По случаю дед мой здесь столкнулся с знакомыми: это был пожилой регистратор одного из сенатских департаментов с второбрачною женою, молодою толстенькою весноватою бабочкою, известною склонностию при всяком удобном случае венчать рогами чело своего пожилого супруга. У рогожаной кибитки этого семейства, как раз грядка к грядке, пристала телега, на которой на кучах всякого домашнего скарба сидели, пригорюнясь, старушка и длинный худой молодой человек с огненно-рыжими курчавыми волосами, курносым носом, карими глазами и рядом перламутровых белых зубов. Это был приказный из той регистратуры, которою правил муж слабовольной блондинки. В своем кружке рыжий приказный слыл за отчаянного и счастливого волокиту: он очаровывал приказничих своими светскими манерами и разными приятными талантами, умел смешно копировать обманываемых им мужей, пел и играл на щипок на гитаре. Спасаясь со своею матерью из Москвы в неведомую глубь России, этот канцелярский ловелас двенадцатого года вез с собою и свою гитару, которая, как вещь бренная и хрупкая, была привязана веревочкою на самом верху воза. Пристав у затона, в ожидании пропуска на мост, приказный заметил с одной стороны своей телеги податливую жену регистратора, а с другой брику, в которой сидели моя, молодая в то время бабушка и ее две хорошенькие сестры-девушки, и почувствовал неотразимое желание обратить на себя женское внимание и приволокнуться, сколько позволяли обстоятельства. Помещаясь высоко на возу, как собака на заборе, приказный отвязал свою гитару и, подыгрывая себе, запел:
Барышни злодейки,
С вами пропадешь,
От вас, чародейки,
Места не найдешь.
Бабка моя и ее сестры несколько смешались от этого заигрывания и сидели, делая вид, что они не слышат ни песен, не замечают самого певца; но весноватая регистраторша так и выставлялась к нему всею своею полною и сочною фигурою. Мужа это приводило в ярость: он требовал, чтобы жена не смотрела на соблазнителя, и грозил чем-то самому соблазнителю; но ни жена, ни приказный его не слушали, и один продолжал петь свои песни, а другая посылала ему ответные выстрелы скоромными глазами. В это время влетел сюда в середину этих спокойно ожидавших очереди людей граф Растопчин и, хлеща с азартом кого попало нагайкою, вытянул ею со всей силы ревнивого регистратора. Чиновник взвыл и, с умыслом ли или без умысла, с одного страха и желания подставить вместо своей спины чужую, отчаянно крикнул: "Ваше сиятельство! это вот он, он разбойник!" И регистратор указал на приказного, который, разиня от удивления рот, вскочил на своем возу на ноги и стоял, вытянувшись во весь рост, с гитарою в руке.

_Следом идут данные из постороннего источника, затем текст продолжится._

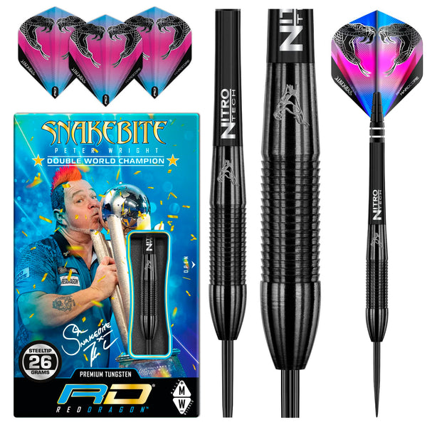 Red Dragon Peter Wright Snakebite 3: 26G Tungsten Darts Set With Flights And Stems

Граф Растопчин вскрикнул: "А!", и мгновенно бросился со своею нагайкою на указанного ему приказного. Приказный как мы сказали, стоял высоко, и потому граф, примеряясь достать его, с такою силою замахнул нагайку, что ее перержавевшее ушко, соединявшее плеть с рукояткою, разорвалось, и плеть, высоко взвившись в воздух, исчезла, а в руке Растопчина осталось одно кнутовище. Сердитый граф пришел еще в большую ярость от этого несчастия и ткнул приказного концом кнутовища в живот. Приказный был заведомо необыкновенно щекотлив, до того, что с ним делались судороги, если его кто-нибудь из товарищей хватал для смеха за колено. Когда граф ткнул его в живот, он вдруг побледнел, выронил из рук свою гитару и, падая с сжатыми от судороги кулаками с воза, вскрикнул:
"Граф, я щекотлив!"
Растопчин страшно испугался. Он принял слова приказного и его прыжок совершенно в другом, несколько небезопасном для себя смысле. Отпрянув назад, граф бросился в коляску и, крикнув оттуда приказному. "Мерзавец!", покатил и скрылся из вида.
Впоследствии, в течение моей жизни, мне довелось не раз слышать этот анекдот приснащенным другому высокопоставленному лицу, которое имело привычку ругать площадными словами и дергать за пуговицы стоящих в строю офицеров, но, имея полнейшее доверие к словам моего никогда не лгавшего деда, я имею слабость считать позднейший рассказ в этом роде вариациею на тему, действительно разыгранную графом Растопчиным и щекотливым приказным.
XII О НЕКОТОРЫХ КРИТИКАХ, НАПИСАННЫХ
ПО ПОВОДУ "ВОЙНЫ И МИРА"
Вот и весь наш отчет о последнем из вышедших до сих пор томов наилучшего русского исторического романа.
Мы оговаривались в начале нашей статьи, что мы пишем не более как отчет, и просили не подозревать в нас желания написать критику по этому прекрасному и многозначащему сочинению.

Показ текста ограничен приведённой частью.